I once bought a Fitbit watch with all the bells and whistles: Heart rate tracking, sleep analysis, step counts, and a gentle vibration that politely informed me I had once again disappointed modern science.
After a week, I realized I did not need hourly reminders about all the areas of my life where I was falling short. Apparently, I sleep poorly, move too little, and recover like the Monday following a vacation.
Eventually, I took it off and placed it in a drawer for the sake of my emotional well-being. I decided I did not need that kind of negativity in my life.
We laugh at things like that, but most of us live surrounded by small promises of a better life. Productivity systems. Fitness routines. Five-step morning rituals that start at 4:15 a.m. for reasons no one can explain. Each one quietly says, “Do this, and you’ll finally feel full.”
Then Jesus says something strange in John 10:10. “The thief comes only to steal and kill and destroy. I have come that they may have life, and have it abundantly.”
Not survival. Not maintenance. Life.
The odd part is that Jesus says this in a chapter about sheep. Sheep are not known for thriving. They are known for wandering toward cliffs and needing supervision. So when He calls Himself the Good Shepherd, He is not complimenting our independence. He is describing our tendency to keep chasing substitutes.
A friend of mine once told me he finally achieved his career goal. The job title, the office, the salary. For about two weeks, he floated around like a motivational poster. Then one Tuesday afternoon, he realized nothing inside him had actually changed. Same anxiety. Same emptiness. Now it is just with a better chair.

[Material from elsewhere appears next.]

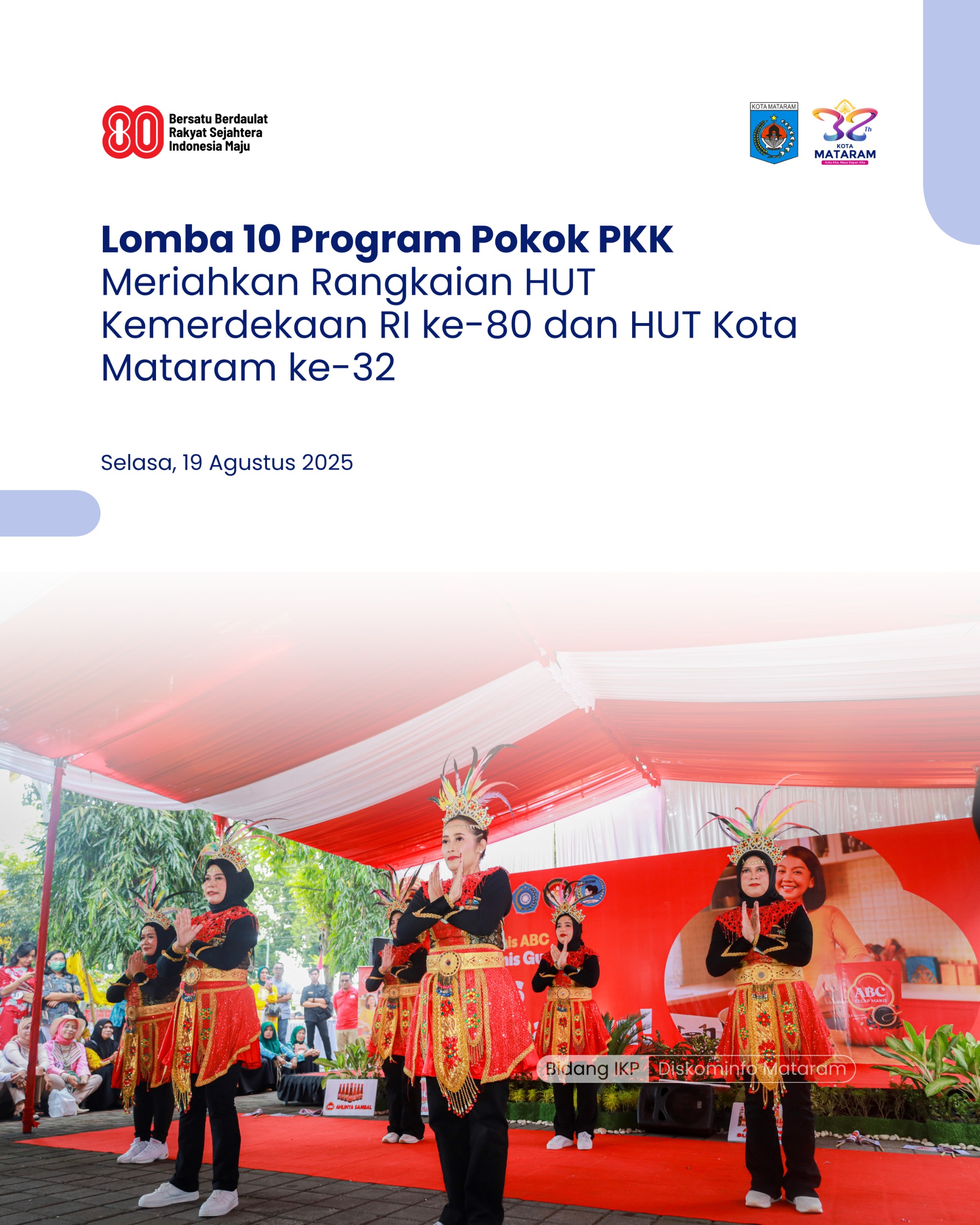 Mataram – Rangkaian panjang kegiatan dalam rangka memperingati HUT ke-80 Kemerdekaan Republik Indonesia sekaligus menyongsong HUT ke-32 Kota Mataram terus bergulir. Salah satunya adalah Lomba 10 Program Pokok PKK yang dirangkaikan dengan Puncak Peringatan Hari Kesatuan Gerak (HKG) PKK ke-53, bekerja sama dengan ABC, yang berlangsung meriah di Halaman Kantor Wali Kota Mataram, Selasa (19/08/2025).

That is the thief Jesus is talking about. Not always evil in appearance. Often respectable. Sometimes impressive. The thief does not only destroy through tragedy. He drains through distraction. Through constant comparison. Through the quiet belief that the next accomplishment will settle the soul.
Jesus contrasts that with abundance. Not more stuff. Not a permanent emotional high. Abundant life in John 10 is relational language. The sheep know the shepherd’s voice. They follow because they trust Him. Security comes from presence, not possessions.
Most of us spend our days listening to many voices. Notifications, expectations, fears about the future, regrets about the past. By evening, we feel like we have been mentally mugged.
Abundant life starts smaller than we expect. It begins when we learn to recognize the Shepherd’s voice over the noise. Scripture before scrolling. Prayer before planning. Not because these earn life, but because they reconnect us to the One who already gives it.
The difference between the thief stealing and the gift of life is not always dramatic. Sometimes it is the difference between living driven and living guided.
Take two minutes to reflect in silence.
Reflection:
This week, choose one daily moment you normally fill with distraction and replace it with ten quiet minutes with God. No multitasking. Read a short passage from John 10, speak honestly to Him, and sit still long enough to notice the difference. Abundant life rarely arrives loudly, but it consistently arrives where the Shepherd is heard.